Date Association: Google emphasizes fresh results and attempts to associate dates with pages.
Content Relevance: Irregularly updated content has the lowest storage priority for Google and is definitely not showing up for freshness.

How We’re Interpreting This Leak

The contents of the leak are also not necessarily proof that Google uses the specific data and signals it mentions for search rankings. Rather, the leak outlines what data Google collects from web pages, sites, and searchers and offers indirect hints about what Google seems to care about,

The biggest takeaway from this leak is the confirmation that creating valuable content and engaging websites remains paramount. Websites should continue to focus on providing great user experiences, earning links, and encouraging user engagement.
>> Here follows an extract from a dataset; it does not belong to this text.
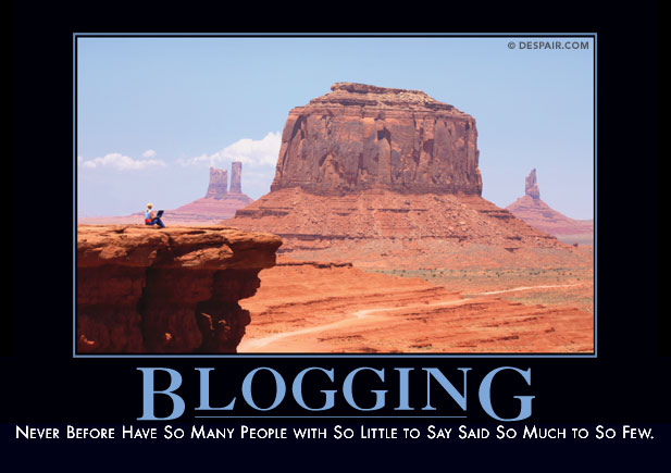 “Blogging – Never before have so many people with so little to say said so much to so few.” (www.despair.com/blogging.html)
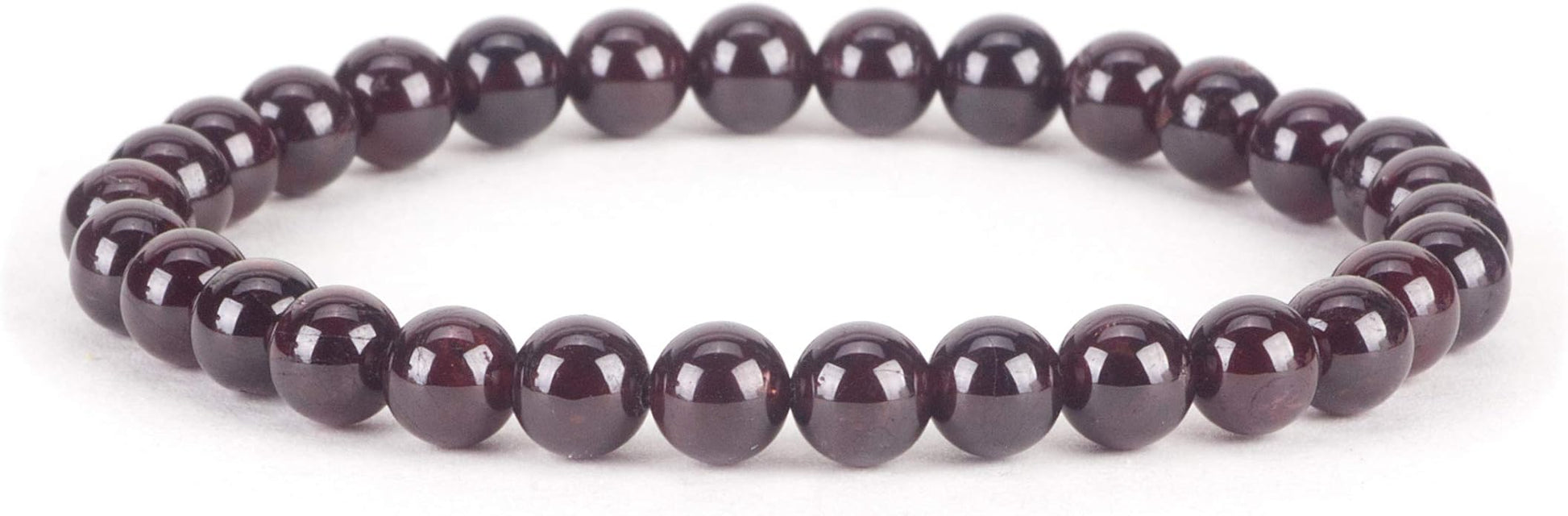 - CONTAINS: A red garnet bracelet made with 6mm semi-precious beads packaged inside a protective cloth drawstring pouch. Red garnet is pyrope, a red variety. Garnets have been used as gemstones since the bronze age.

New Strategies Going Forward

Remove Poorly Performing Pages: If user metrics are bad, no links point to the page and the page has had plenty of opportunity to thrive, then that page should be eliminated. Site-wide scores and scoring averages are mentioned throughout the leaked docs, and it is just as valuable to delete the weakest links as it is to optimize your new article (with some caveats).
Content Audits: Regular audits to remove (or optimize) outdated, irrelevant, or thin content are crucial. However, when updating content, seek ways to update the content by adding unique perspectives, new images, and video content.
Quality Link Building: In the past, Google spokespeople have made efforts to downplay the impact of domain authority, despite the SEO community seeing its positive impacts firsthand. The leak, however, showed that there’s a SiteAuthority score, validating what SEOs have known to be true all along. However, all links are not created equal. For example, the leak showed that links from newer pages are weighted more strongly than those coming from older content. Additionally, Google is probably ignoring links that do not come from relevant sources, something to keep in mind as you do any link prospecting.
Experimentation: This leak is another indication that we should be taking in the inputs and experimenting with them to see what will work for our websites. It’s not enough to look at anecdotal reviews of things and assume that’s how Google works.

Final Thoughts

The 2024 Google API leak offers an unprecedented look into the inner workings of Google’s search algorithm. While the information should be taken with caution, it provides valuable insights that can help guide SEO strategies and improve search rankings. As always, focusing on quality content and user experience remains the best approach to achieving SEO success.